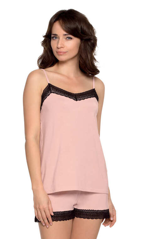 Z szeroką, czarną bądż w kolorze ecru, koronkową wstawką przy dekolcie i wykończeniu nogawek.. Bardzo dobra gatunkowo. Wykonana z połączenia dwóch naturalnych dzianin - wiskozy modal - lekkiej, delikatnej, nadającej dzianinie atłasowy połysk oraz miękkiej, miłej w dotyku najwyższej jakości bawełny.
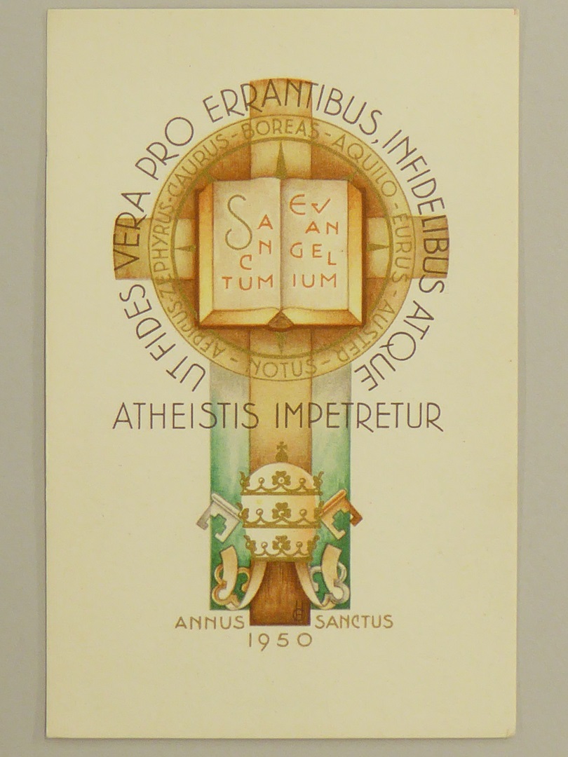 Prentbriefkaart uitgegeven t.g.v. het Heilig Jaar 1950 met "Ut fides vera pro errantibus, ..."
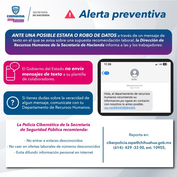 La Dirección de Recursos Humanos de la Secretaría de Hacienda, emitió una alerta dirigida a las y los trabajadores del Gobierno del Estado, para que eviten ser víctimas de una posible estafa o del robo de sus datos personales, a través de un mensaje de texto que es enviado a sus teléfonos móviles.
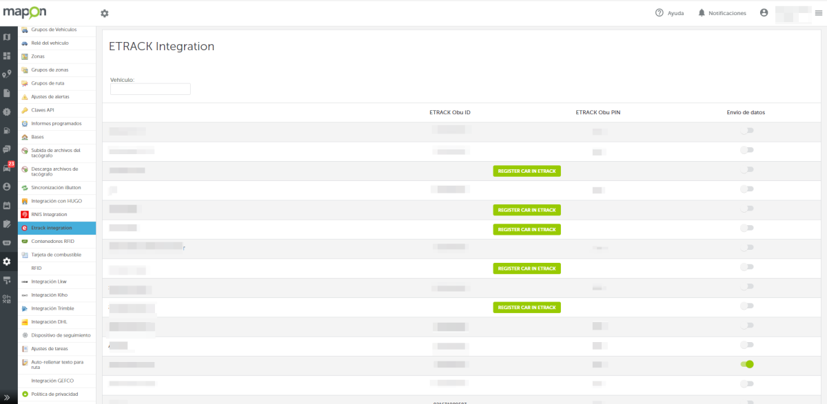 Para activar la integración, diríjase al menú de Ajustes en su cuenta de la plataforma Mapon. Allí, haga clic en la pestaña de integración de e-track. A continuación, haga clic en el botón REGISTRAR VEHÍCULO EN E-TRACK para los vehículos en los que desee activar la integración. Desde allí, puede activar o desactivar la transferencia de datos GPS con un interruptor al lado de cada vehículo. Consulte la guía completa para configurar la integración en estas instrucciones.
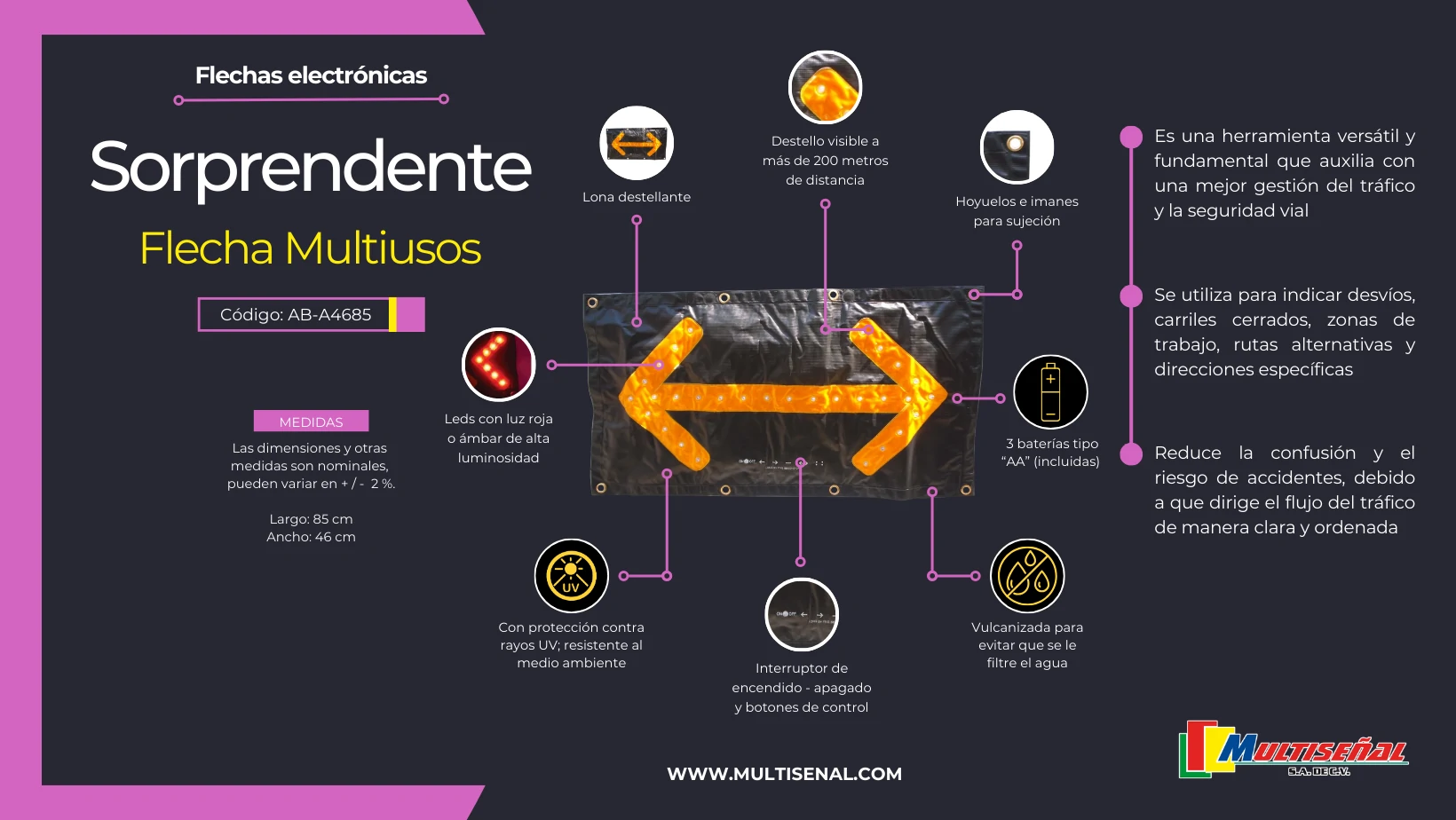 La flecha multiusos es un dispositivo de señalización vial que se utiliza para una variedad de propósitos, como advertir a los conductores de peligros, indicar el sentido de circulación o dirigir el tráfico.

---*---

* [ASSIGNMENT]: Set down the line containing "Para activar la", then every later line through the end of the material, exactly as written; omit any picture.

* [RESPONSE AREA]:
 Para activar la integración, diríjase al menú de Ajustes en su cuenta de la plataforma Mapon. Allí, haga clic en la pestaña de integración de e-track. A continuación, haga clic en el botón REGISTRAR VEHÍCULO EN E-TRACK para los vehículos en los que desee activar la integración. Desde allí, puede activar o desactivar la transferencia de datos GPS con un interruptor al lado de cada vehículo. Consulte la guía completa para configurar la integración en estas instrucciones.
 La flecha multiusos es un dispositivo de señalización vial que se utiliza para una variedad de propósitos, como advertir a los conductores de peligros, indicar el sentido de circulación o dirigir el tráfico.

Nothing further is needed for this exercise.